# holde astronot



## rupertbrooke

In the following cartoon, this the dialogue beween man & woman:-
-kadın dediğin mutfakta aşçı, sokakta hanımefendi, yatakta fahişe, holde astronot, balkonda nalbur, kopenhag'da kraker - tamam karikatür abartma sanatı ama bu ne ya yarram.
See:-http://www.oguztopoglu.com/2012/12/kadn-dedigin-mutfakta-asc... 
Why does the man talk about an astronaut in the hallway? Before the last three terms, the expectations make sense.
is he throwing out random phrases to underline that he is an idiot? 'A cracker in Copenhagen?! I don't understand any of the last three, unless that is the point.


----------



## Rallino

He's describing how a woman should be and says:_ 
A woman should be a cook when in the kitchen, a lady when on the street, a prostitute when in the bed_… 

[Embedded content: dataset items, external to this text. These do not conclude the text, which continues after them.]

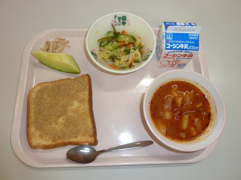 本日の献立は、ツナピラフ、ポテトグラタン、トマトと卵のスープ、アセロラゼリー、牛乳です。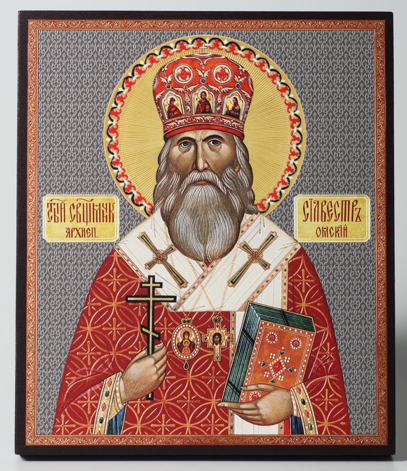 Икона на доске 22х26 объёмная печать, лак Сильвестр Омский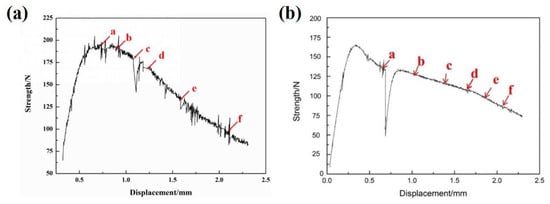 In-situ SEM tensile deformation was adopted to study the deformation and fracture behavior of the present alloys with different slow-diffusing β stabilizing elements, focusing on the microvoid nucleation and propagation process. Figure 3, Figure 4 and Figure 5 show the typical tensile-displacement curves and in-situ SEM images respectively, taken at sequential load levels during 650 °C tensile processes. Each SEM image corresponds to a point on the curve in Figure 3. During the tensile process, in order to collect SEM images, the tensile process was paused and the load was held, which causes stress relaxation. As shown in Figure 3, slight stress relaxation occurs during the pauses. After imaging, it was loaded again.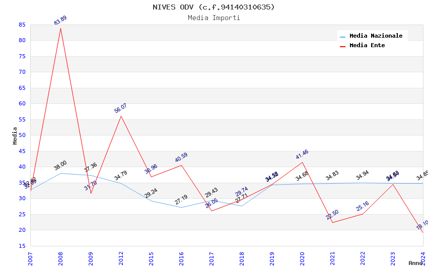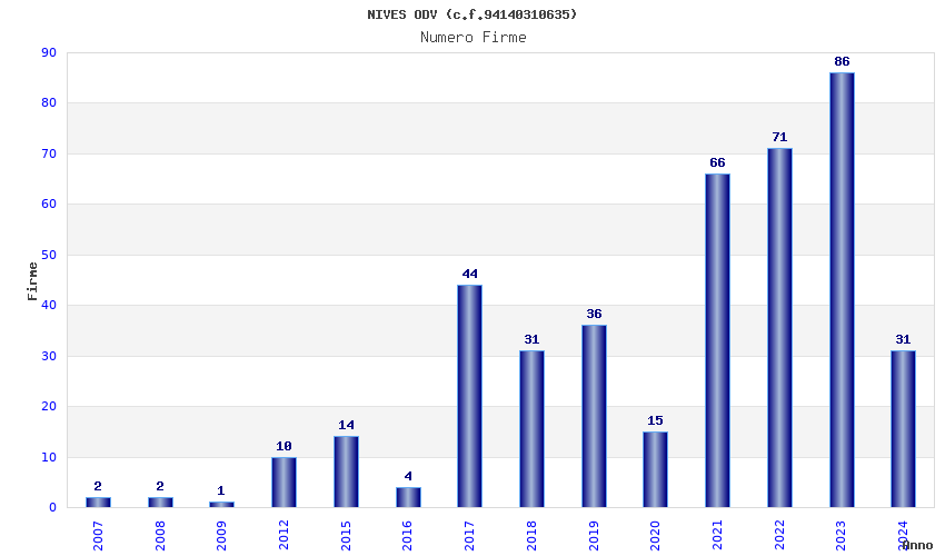 | Anno | Firme | Importi | Media | Naz. | Reg. | Prov. | Comu. |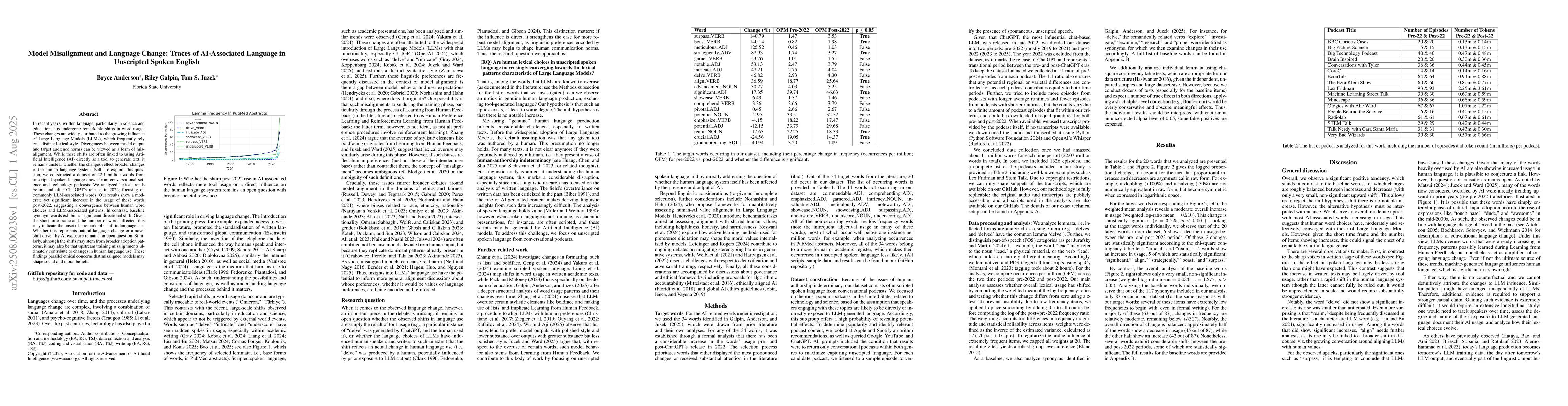 In recent years, written language, particularly in science and education, has undergone remarkable shifts in word usage. These changes are widely attributed to the growing influence of Large Language Models (LLMs), which frequently rely on a distinct lexical style. Divergences between model output and target audience norms can be viewed as a form of misalignment. While these shifts are often linked to using Artificial Intelligence (AI) directly as a tool to generate text, it remains unclear whether the changes reflect broader changes in the human language system itself. To explore this question, we constructed a dataset of 22.1 million words from unscripted spoken language drawn from conversational science and technology podcasts. We analyzed lexical trends before and after ChatGPT's release in 2022, focusing on commonly LLM-associated words. Our results show a moderate yet significant increase in the usage of these words post-2022, suggesting a convergence between human word choices and LLM-associated patterns. In contrast, baseline synonym words exhibit no significant directional shift. Given the short time frame and the number of words affected, this may indicate the onset of a remarkable shift in language use. Whether this represents natural language change or a novel shift driven by AI exposure remains an open question. Similarly, although the shifts may stem from broader adoption patterns, it may also be that upstream training misalignments ultimately contribute to changes in human language use. These findings parallel ethical concerns that misaligned models may shape social and moral beliefs.

and then keeps on with non-sensical phrases: _… an astronaut when in the hallway, an ironmonger when on the balcony, a cracker when in Copehnagen…
_Then the other person(?), the link you gave won't open for me so I can't tell for sure, stops him:_ "All right, we get it, caricature is an art of exaggeration but seriously what the piss…!?"_ referring to the absurdness of this entire logic of giving roles to women.


----------



## rupertbrooke

Thanks very much, Rallino. I'm sorry you didn't find the link. Try again with this:-
http://www.oguztopoglu.com/2012/12/kadn-dedigin-mutfakta-asc-sokakta.html


----------



## rupertbrooke

By the way, what does dedeğin mean literally? 'The woman you are describing?'


----------



## Rallino

_Kadın dediğin_ is the reduced form of _Kadın dediğin kişi_.

Kadın dediğin kişi: _The person you call a woman / The people you call women
_Kadın dediğin: _What you call a woman

_Kadın dediğin, holde astronottur. - _What you call a woman should be an astronaut in the hallway_. In the sense that, if you can call that person a woman, then she should be capable of doing that.


----------



## rupertbrooke

A very helpful note! Thanks again, Rallino.


----------